Consortium’s guidelines regarding germline BAP1 variants:

• BAP1 should be included in all germline cancer panels for genetic testing (which should include copy number variation assessment) particularly for patients with tumors associated with the BAP1-TPDS. Additionally as many family members as possible should be genotyped to aid segregation analysis, to directly inform surveillance of carriers and assessment of mutation penetrance.
• Use of ClinGen disease-gene association framework to evaluate tumor spectrum and more consistency in reporting tumor histopathology, in particular, site/histology of mesotheliomas, histology of RCCs and histology of meningiomas ².
• IHC and LOH analysis performed on all tumors in all carriers regardless of variant type.
• Conduct epidemiological studies evaluating BAP1-inactivated melanocytic tumors in the general population and use recommendations proposed by Haugh et al and Cabaret et al ^3,4 in the evaluation of these tumors.
• Although a useful aid, do not use functional assays as a definitive evaluation of pathogenicity of BAP1 variants until proof that function is linked to tumorigenesis in vivo.
• Pathogenicity of missense variants needs to be evaluated beyond in silico prediction and single functional assays. Currently, family assessment (e.g. segregation of core BAP1-TPDS tumors; core rare tumors (UM/mesothelioma) in the family without segregation data; multiple primary BAP1-TPDS core tumors in the proband, or a combination of these) and tumor analysis are the most important tools.
• Implementation and expansion of current and appropriate surveillance measures for variant carriers. The current suggested guidelines are published in GeneReviews ¹ .

Surveillance of carriers:

As mentioned above, we recommend using the current measures in the guidelines published in GeneReviews. We believe these surveillance measures are essential for appropriate management of carriers.

1-Pilarski, R., Rai, K., Cebulla, C. & Abdel-Rahman, M. in GeneReviews((R))   (eds M. P. Adam et al.)  (University of Washington, Seattle, 2016).

2-Strande, N. T. et al. Evaluating the Clinical Validity of Gene-Disease Associations: An Evidence-Based Framework Developed by the Clinical Genome Resource. American journal of human genetics 100, 895-906, doi:10.1016/j.ajhg.2017.04.015 (2017).
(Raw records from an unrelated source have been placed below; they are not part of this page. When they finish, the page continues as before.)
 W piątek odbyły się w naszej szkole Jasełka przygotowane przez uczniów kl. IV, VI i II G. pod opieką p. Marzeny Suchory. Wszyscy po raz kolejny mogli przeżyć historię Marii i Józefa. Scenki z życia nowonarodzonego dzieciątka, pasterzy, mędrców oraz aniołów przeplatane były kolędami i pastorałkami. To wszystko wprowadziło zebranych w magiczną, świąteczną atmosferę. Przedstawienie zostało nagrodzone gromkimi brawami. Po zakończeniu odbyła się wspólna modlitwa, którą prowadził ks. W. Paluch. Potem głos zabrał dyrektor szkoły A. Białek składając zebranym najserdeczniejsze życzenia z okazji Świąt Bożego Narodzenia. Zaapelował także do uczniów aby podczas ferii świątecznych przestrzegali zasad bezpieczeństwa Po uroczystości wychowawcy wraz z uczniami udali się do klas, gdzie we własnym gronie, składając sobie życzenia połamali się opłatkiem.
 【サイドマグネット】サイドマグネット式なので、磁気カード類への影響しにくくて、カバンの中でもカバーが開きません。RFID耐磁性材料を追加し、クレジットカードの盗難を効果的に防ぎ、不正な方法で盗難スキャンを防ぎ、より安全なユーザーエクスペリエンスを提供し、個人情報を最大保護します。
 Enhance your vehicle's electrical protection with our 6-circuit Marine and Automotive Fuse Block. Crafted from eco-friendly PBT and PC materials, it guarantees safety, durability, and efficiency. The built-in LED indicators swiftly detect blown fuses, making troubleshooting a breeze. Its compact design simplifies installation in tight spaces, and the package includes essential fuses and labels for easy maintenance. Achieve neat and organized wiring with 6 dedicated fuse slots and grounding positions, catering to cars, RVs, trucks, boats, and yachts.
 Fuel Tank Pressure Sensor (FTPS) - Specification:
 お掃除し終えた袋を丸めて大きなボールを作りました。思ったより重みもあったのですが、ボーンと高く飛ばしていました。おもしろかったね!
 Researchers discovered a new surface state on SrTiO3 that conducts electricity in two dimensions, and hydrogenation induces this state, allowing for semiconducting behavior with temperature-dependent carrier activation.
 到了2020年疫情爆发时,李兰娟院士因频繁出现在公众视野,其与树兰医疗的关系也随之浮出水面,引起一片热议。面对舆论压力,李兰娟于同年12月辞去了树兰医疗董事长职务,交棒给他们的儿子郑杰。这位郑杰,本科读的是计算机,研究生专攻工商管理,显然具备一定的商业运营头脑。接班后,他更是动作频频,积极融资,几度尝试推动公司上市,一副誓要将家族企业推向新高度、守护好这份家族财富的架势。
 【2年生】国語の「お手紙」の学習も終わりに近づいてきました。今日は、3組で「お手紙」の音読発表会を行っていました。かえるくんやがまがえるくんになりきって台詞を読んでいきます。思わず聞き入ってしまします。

3-Cabaret, O., Perron, E., Bressac-de Paillerets, B., Soufir, N. & de la Fouchardiere, A. Occurrence of BAP1 germline mutations in cutaneous melanocytic tumors with loss of BAP1-expression: a pilot study. Genes, chromosomes & cancer, doi:10.1002/gcc.22473 (2017).

4-Haugh, A. M. et al. Genotypic and Phenotypic Features of BAP1 Cancer Syndrome: A Report of 8 New Families and Review of Cases in the Literature. JAMA dermatology, doi:10.1001/jamadermatol.2017.2330 (2017).